== Provided data
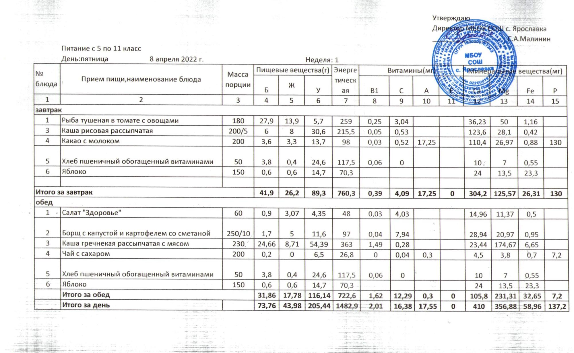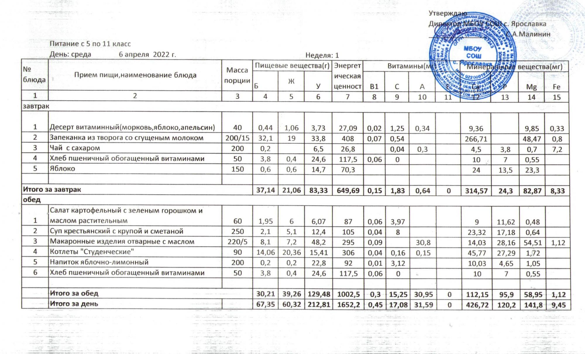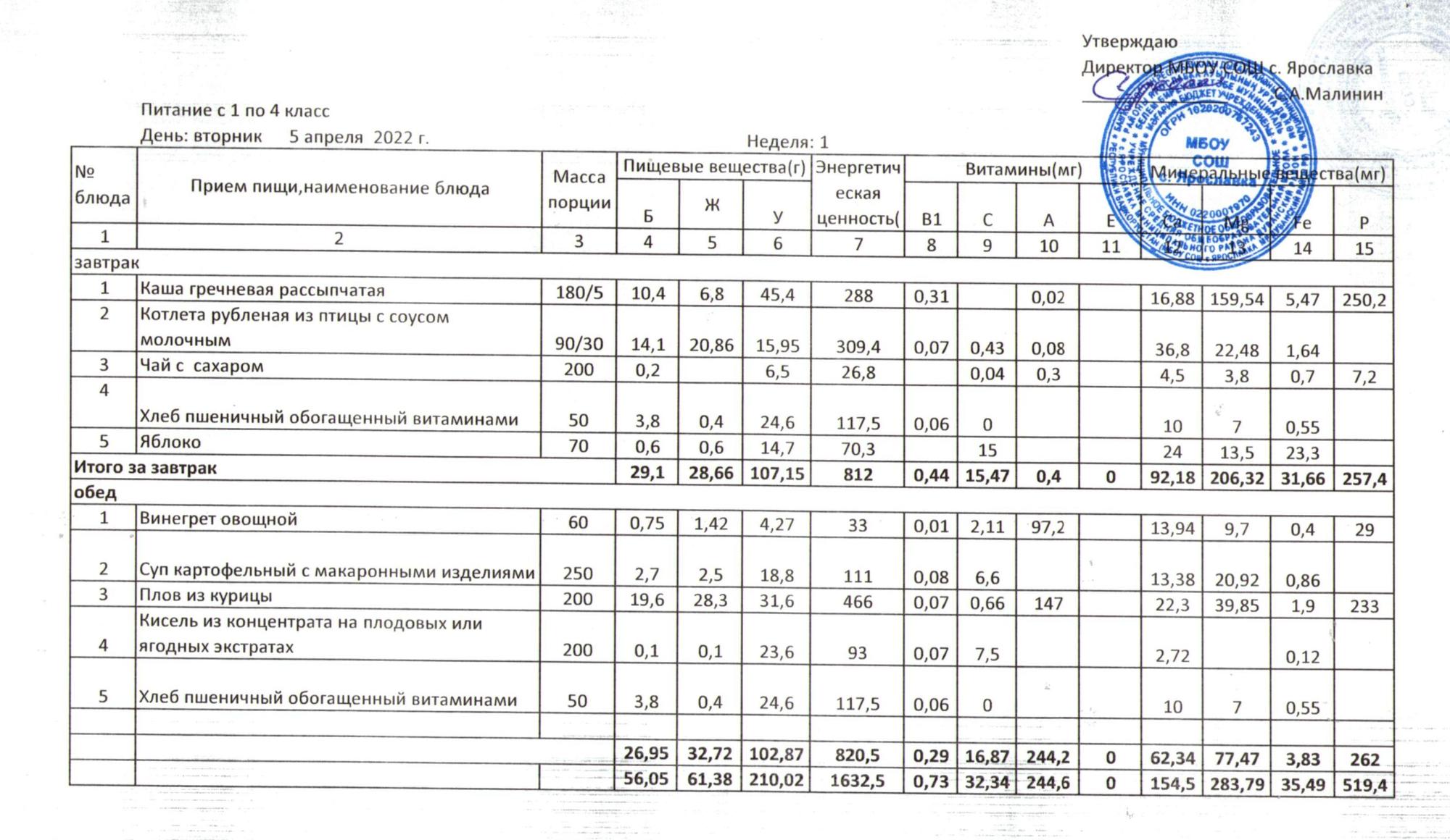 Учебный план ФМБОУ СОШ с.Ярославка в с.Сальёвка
====
== Provided data
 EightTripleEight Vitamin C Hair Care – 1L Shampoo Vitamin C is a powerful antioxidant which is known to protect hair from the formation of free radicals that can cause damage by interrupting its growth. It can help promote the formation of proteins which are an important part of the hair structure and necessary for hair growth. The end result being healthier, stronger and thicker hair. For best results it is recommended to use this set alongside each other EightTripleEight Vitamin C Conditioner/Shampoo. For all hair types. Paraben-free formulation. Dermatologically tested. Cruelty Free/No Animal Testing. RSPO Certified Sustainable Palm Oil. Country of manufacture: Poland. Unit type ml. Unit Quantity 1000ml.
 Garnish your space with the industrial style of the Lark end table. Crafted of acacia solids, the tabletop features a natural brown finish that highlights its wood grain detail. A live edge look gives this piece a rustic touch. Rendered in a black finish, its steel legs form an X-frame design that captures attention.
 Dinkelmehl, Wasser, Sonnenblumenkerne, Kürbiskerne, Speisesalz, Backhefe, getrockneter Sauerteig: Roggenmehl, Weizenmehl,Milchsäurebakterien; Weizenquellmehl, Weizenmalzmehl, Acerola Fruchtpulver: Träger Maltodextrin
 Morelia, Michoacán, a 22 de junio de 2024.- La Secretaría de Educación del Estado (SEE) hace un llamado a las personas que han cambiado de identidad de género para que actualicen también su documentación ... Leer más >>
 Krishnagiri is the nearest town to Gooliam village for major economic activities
====
What you have to do:
If a line in the entries above contains "this", report it.

Worked solution:
 EightTripleEight Vitamin C Hair Care – 1L Shampoo Vitamin C is a powerful antioxidant which is known to protect hair from the formation of free radicals that can cause damage by interrupting its growth. It can help promote the formation of proteins which are an important part of the hair structure and necessary for hair growth. The end result being healthier, stronger and thicker hair. For best results it is recommended to use this set alongside each other EightTripleEight Vitamin C Conditioner/Shampoo. For all hair types. Paraben-free formulation. Dermatologically tested. Cruelty Free/No Animal Testing. RSPO Certified Sustainable Palm Oil. Country of manufacture: Poland. Unit type ml. Unit Quantity 1000ml.
 Garnish your space with the industrial style of the Lark end table. Crafted of acacia solids, the tabletop features a natural brown finish that highlights its wood grain detail. A live edge look gives this piece a rustic touch. Rendered in a black finish, its steel legs form an X-frame design that captures attention.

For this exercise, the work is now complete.